About 70% of applications will have open source |
Is Red Hat going to become another Microsoft?
I certainly dont think so. Our business model is vastly from Microsoft.
Open source is a developmental model, its the way software is developed and
this is the source of differentiation for us versus Microsoft. We are
evangelizing the Accentures and others of the world and convincing the players
in the market about the stability of these technologies and how open source is
better than proprietary competitors.
We spend a lot of money on certifying hardware platforms and software
platforms, ISVs on top. All thats a lot of work, we can leave that to our
customer. If the customers dont see the need for that, we write off our bill
system, which we dont have to do in open source. We go beyond the letter of the
law of open source. You can download the source and recompile it. But again
people dont see the value in the certifications, in the support models, in the
SLAs. The more people use it the better. Basically, we are trying to say that we
do not lock you in at all; the customer can stop paying us at any time since
its a business model built around the customer.
What is your take on Microsofts newfound interest in open source, since
we have already seen some radical changes at Microsoft in terms of opening?
Ill welcome Microsoft opening anything because opening is good for IT and
it leads to more innovation and efficiency. I have said in the past and am
saying this again, that we would love to work with them on interoperability but
it just cant be tied to any type of intellectual property deal with hamstrings.

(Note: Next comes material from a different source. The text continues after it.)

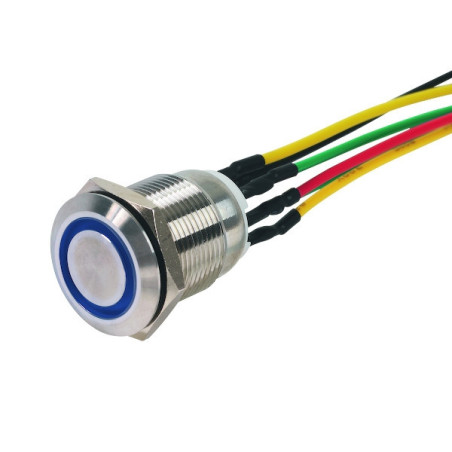 Bouton poussoir inox NO+NC à signalisation lumineuse. pouvoir de coupure de 250V AC / 2A ou 24V DC / 1A. LED couleur bleue fonctionnant seulement en 12V DC. diamètre 19mm. antivandale. -20°+55°C. IP65.Garantie 1 an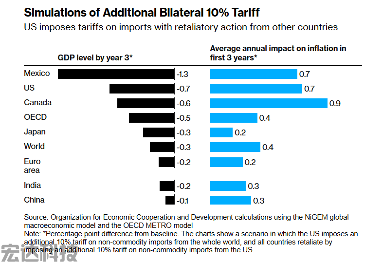 本月早些时候,贝利表示关税对通胀的影响"可能不明确",但他警告称,英国经济面临的风险"很大"。经济合作与发展组织(OECD)本周警告称,发达经济体的增长将放缓,通胀将上升,如果贸易紧张局势升级,情况可能会显著恶化。

We have been opening and we continue to be open. We are out there to offer open
standards, interoperability, and if Microsoft wants to open up I will celebrate.
If it helps make IT more open, if it helps faster collaboration, innovation and
it is great for our customers, its ultimately great for us. But again you have
to fundamentally turn economics on its ears.
Considering this is your first visit to India, can you elaborate on the
Indian agenda and the strategies earmarked for the Indian market?
India is an extraordinarily important IT market for us with a very
sophisticated user base, and is our third largest market in terms of
contribution to Fedora, which is our free OS. Its our cutting edge R&D in Linux
and is a great parameter to measure how we are building a community of users.
These communities are people not paid by us; these communities are learning
about Linux, participating in Linux and actually committing code including
Fedora projects.
In terms of coming down to more specificsgovernment, education, financial
services and telecom are the big verticals here. I am fascinated with India
because of its size and scale. If one looks at a typical government project
here, its passed tens of thousands of users, devices.
We actually have more Red Hat certified engineers in India than we do in the
United States. We work with university systems and work hard to spread knowledge
out there. This is important since several countries including India believe in
this if one wants to truly build an IT-based and more technical focused economy,
since India is paying large amounts to the developed world.
In India, there is a greater focus on knowledge transfer and a broader agenda
about learning open source. In the USA, its about the same thing, although its
a little bit more about true cutting edge, pushing the envelope technology,
specially giving it to military or security agencies
We also have one of our global support centers here in Pune, apart from
several other centers across the world in Europe, North America, Brisbane and
Beijing, since we follow the As the Sun rises model. In India we are meeting
business partners, systems integrators and distributors apart from spending a
lot of time with communities, since it is these communities that are the secret
of open source.
Indias massive advantage on system integration is great, which will be very
important in light of the general movement worldwide around open source. About
70% of applications will have open source.